1. A 10.0 g object moving to the right at 25.0 cm/s makes an elastic head-on collision with a 15.0 g object moving in the opposite direction at 36.0 cm/s. Find the velocity of each object after the collision.
10.0 g object:
15.0g object:
2. A dentist's drill starts from rest. After 3.00 s of constant angular acceleration it turns at a rate of 2.00 multiplied by 104 rev/min.
(a) Find the drill's angular acceleration.
(b) Determine the angle (in radians) through which the drill rotates during this period.
well since everything is in cm and seconds and grams we can stay in the centimeter, gram, second or"cgs" units.

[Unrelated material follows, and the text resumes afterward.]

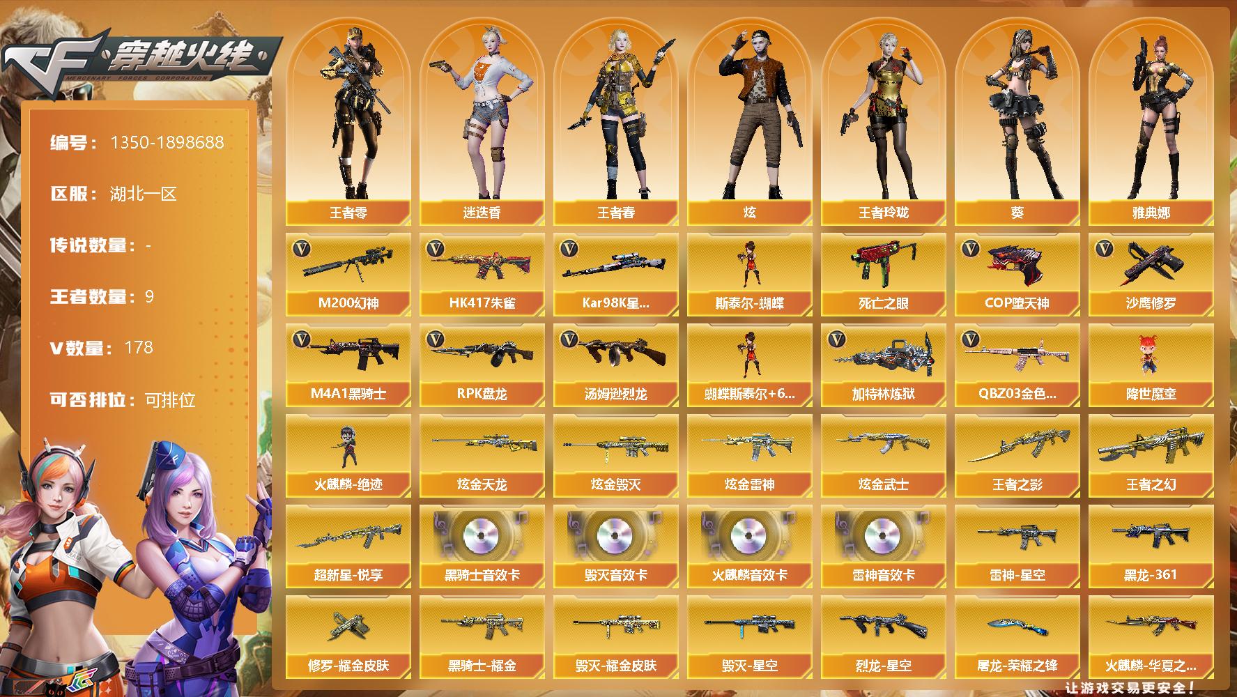 [15235256]湖北一区-178V-9王者-7炫金 【热门武器】:QBZ03-金色蔷薇,HK417-朱雀,M200-幻神*2,死亡之眼,Kar98K-星神,M4A1-黑骑士*3,汤姆逊-烈龙*9,RPK-盘龙*8,加特林-炼狱,斯泰尔-蝴蝶,降世魔童,火麒麟-绝迹,COP-堕天神*3,沙鹰-修罗*5 【王者炫金武器】:超新星-悦享,王者之幻,王者之影,炫金雷神*2,炫金武士,炫金毁灭*3,炫金天龙 【音效卡】

Initial momentum = 10*25 - 15*36
= -290 (to the right is positive)
final momentum =same = -290 = 10 U + 15 V
elastic so initial KE = final KE
(1/2) 10 (625) + (1/2) 15 (1296)
3125+9720
=12,845 dynes
final KE =12,845 = 5 U^2 + 7.5 V^2
so two equations, two unknowns:
-290 = 10 U + 15 V
12,845 = 5 U^2 + 7.5 V^2
U = - (1.5 V + 29)
U^2 = 2.25 V^2 + 87 V + 841
12,845 = 5(2.25 V^2 + 87 V + 841) + 7.5 V^2
You can solve the quadratic I think
in 3 seconds from 0 to 2*10^4 revs/min
first change rev/min to radians/sec
2*10^4rev/min (1 min/60 s)(2 pi rad/rev)
=2094 radians/s
alpha = change in speed/change in time = 2094/3 = 698 radians/s^2
angle = (1/2) alpha t^2
=349*9 = 3141 radians
To solve the first question about the collision of the two objects:
1. First, we need to use the conservation of momentum to solve for the final velocities of the objects.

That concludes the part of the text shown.